What the task requires: Emit a verbatim copy of the lines below from the line with "- Design: Šaty" through the line with "โคมไฟพลังงานโซล่าเซลล์ 50 LED", excluding pictures and everything outside that range.

Supplied records:
◇ ◇ ◇

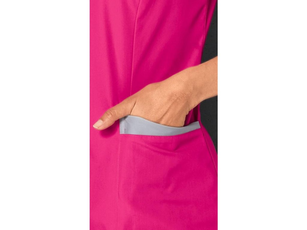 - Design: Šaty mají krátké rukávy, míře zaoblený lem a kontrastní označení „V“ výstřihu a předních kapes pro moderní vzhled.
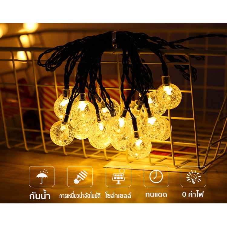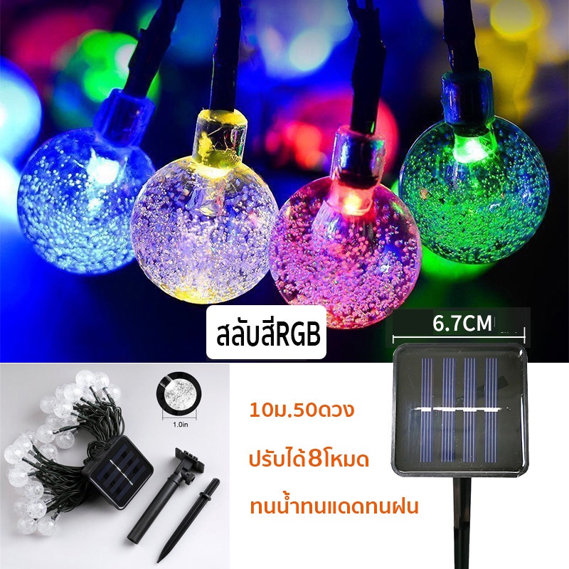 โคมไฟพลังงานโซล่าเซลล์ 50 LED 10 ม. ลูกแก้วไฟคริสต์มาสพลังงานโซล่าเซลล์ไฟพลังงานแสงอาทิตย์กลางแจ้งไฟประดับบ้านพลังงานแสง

◇ ◇ ◇

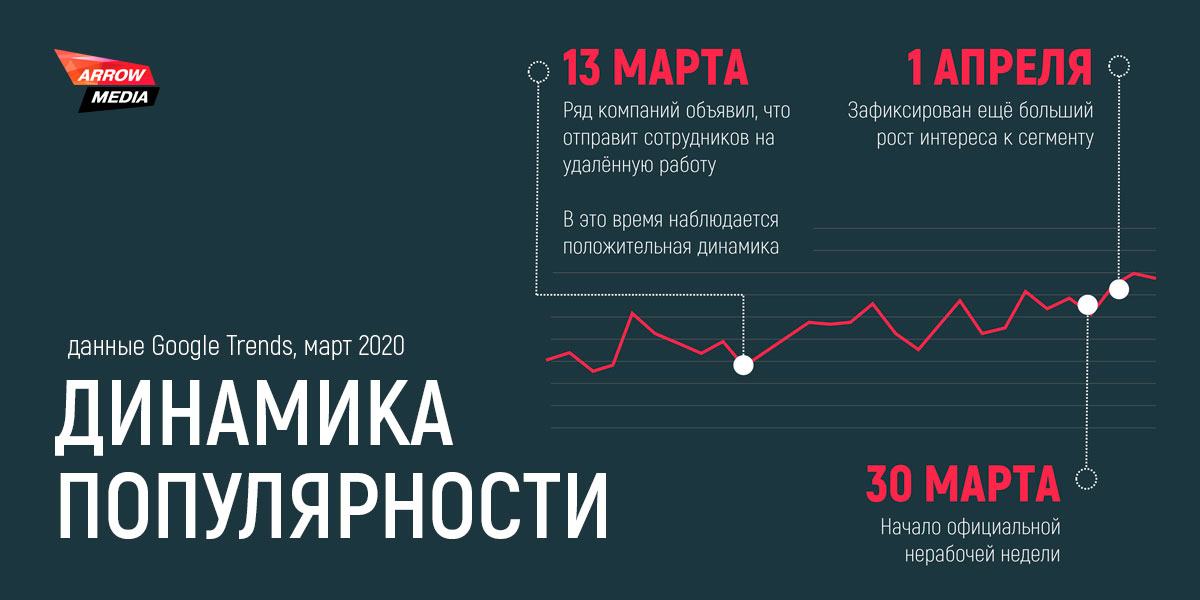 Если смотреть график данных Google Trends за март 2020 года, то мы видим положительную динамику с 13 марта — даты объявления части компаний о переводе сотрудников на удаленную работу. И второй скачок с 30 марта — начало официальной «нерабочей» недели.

◇ ◇ ◇

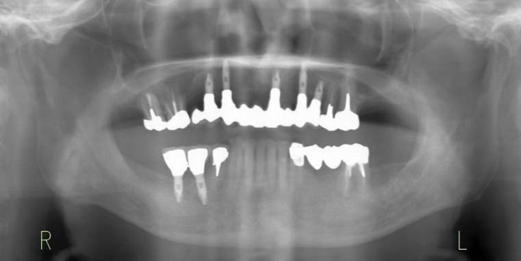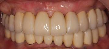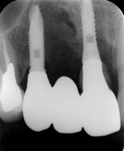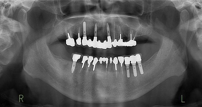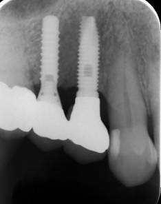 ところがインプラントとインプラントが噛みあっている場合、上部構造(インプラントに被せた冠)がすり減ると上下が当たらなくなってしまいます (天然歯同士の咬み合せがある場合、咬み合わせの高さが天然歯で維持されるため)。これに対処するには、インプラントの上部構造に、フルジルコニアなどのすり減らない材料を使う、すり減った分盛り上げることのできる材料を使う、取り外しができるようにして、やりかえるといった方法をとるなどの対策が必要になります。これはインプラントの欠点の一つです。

◇ ◇ ◇

Finished task:
 - Design: Šaty mají krátké rukávy, míře zaoblený lem a kontrastní označení „V“ výstřihu a předních kapes pro moderní vzhled.
 โคมไฟพลังงานโซล่าเซลล์ 50 LED 10 ม. ลูกแก้วไฟคริสต์มาสพลังงานโซล่าเซลล์ไฟพลังงานแสงอาทิตย์กลางแจ้งไฟประดับบ้านพลังงานแสง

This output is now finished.